▶ **Task prompt**
Only the lines below from the one containing "1、可以从我们的异世界当中召" through the one containing "This bingo card" belong in the answer, set down exactly, with the pictures left out.

▶ **Available records**
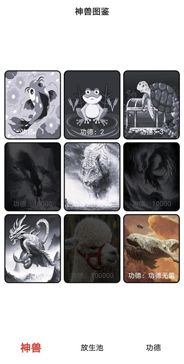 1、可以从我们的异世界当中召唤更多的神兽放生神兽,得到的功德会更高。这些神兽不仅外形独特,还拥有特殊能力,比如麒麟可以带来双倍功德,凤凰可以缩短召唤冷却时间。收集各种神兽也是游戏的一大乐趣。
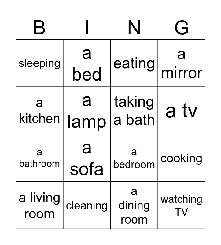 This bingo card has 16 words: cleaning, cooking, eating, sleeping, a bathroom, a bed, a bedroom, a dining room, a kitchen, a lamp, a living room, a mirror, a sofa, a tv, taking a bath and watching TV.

---

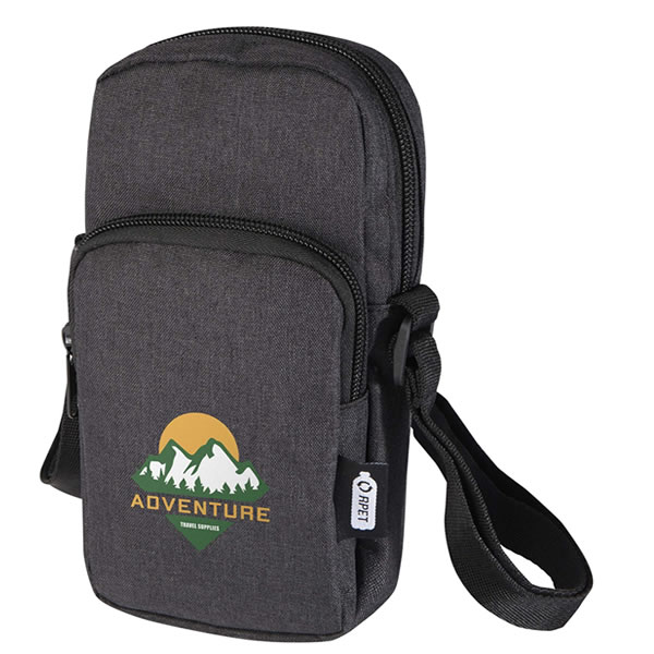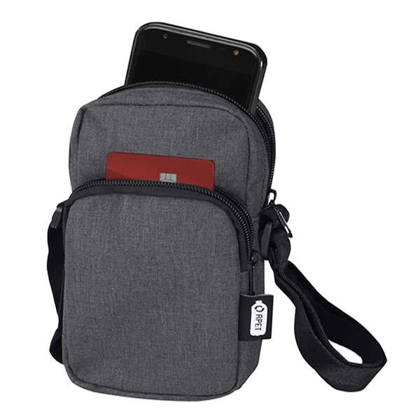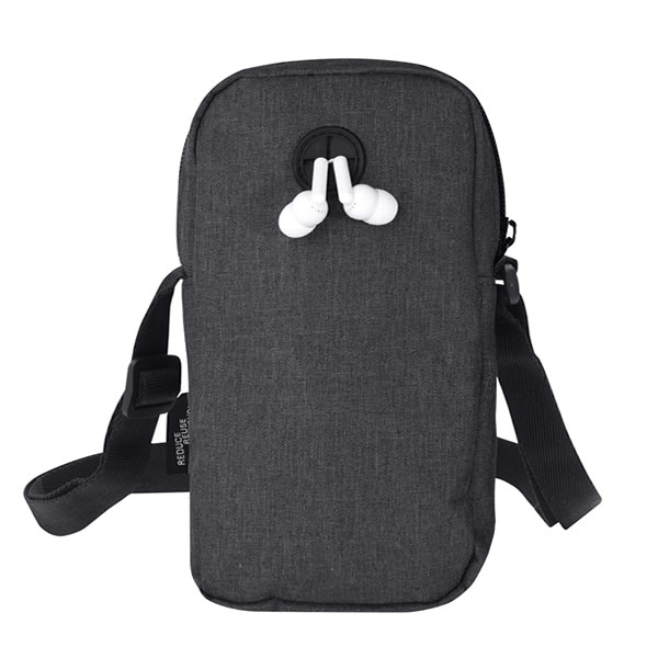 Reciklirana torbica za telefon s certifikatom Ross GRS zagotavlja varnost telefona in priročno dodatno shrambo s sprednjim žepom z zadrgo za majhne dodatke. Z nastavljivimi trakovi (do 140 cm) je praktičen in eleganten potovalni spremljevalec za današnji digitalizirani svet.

▶ **Answer area**
 1、可以从我们的异世界当中召唤更多的神兽放生神兽,得到的功德会更高。这些神兽不仅外形独特,还拥有特殊能力,比如麒麟可以带来双倍功德,凤凰可以缩短召唤冷却时间。收集各种神兽也是游戏的一大乐趣。
 This bingo card has 16 words: cleaning, cooking, eating, sleeping, a bathroom, a bed, a bedroom, a dining room, a kitchen, a lamp, a living room, a mirror, a sofa, a tv, taking a bath and watching TV.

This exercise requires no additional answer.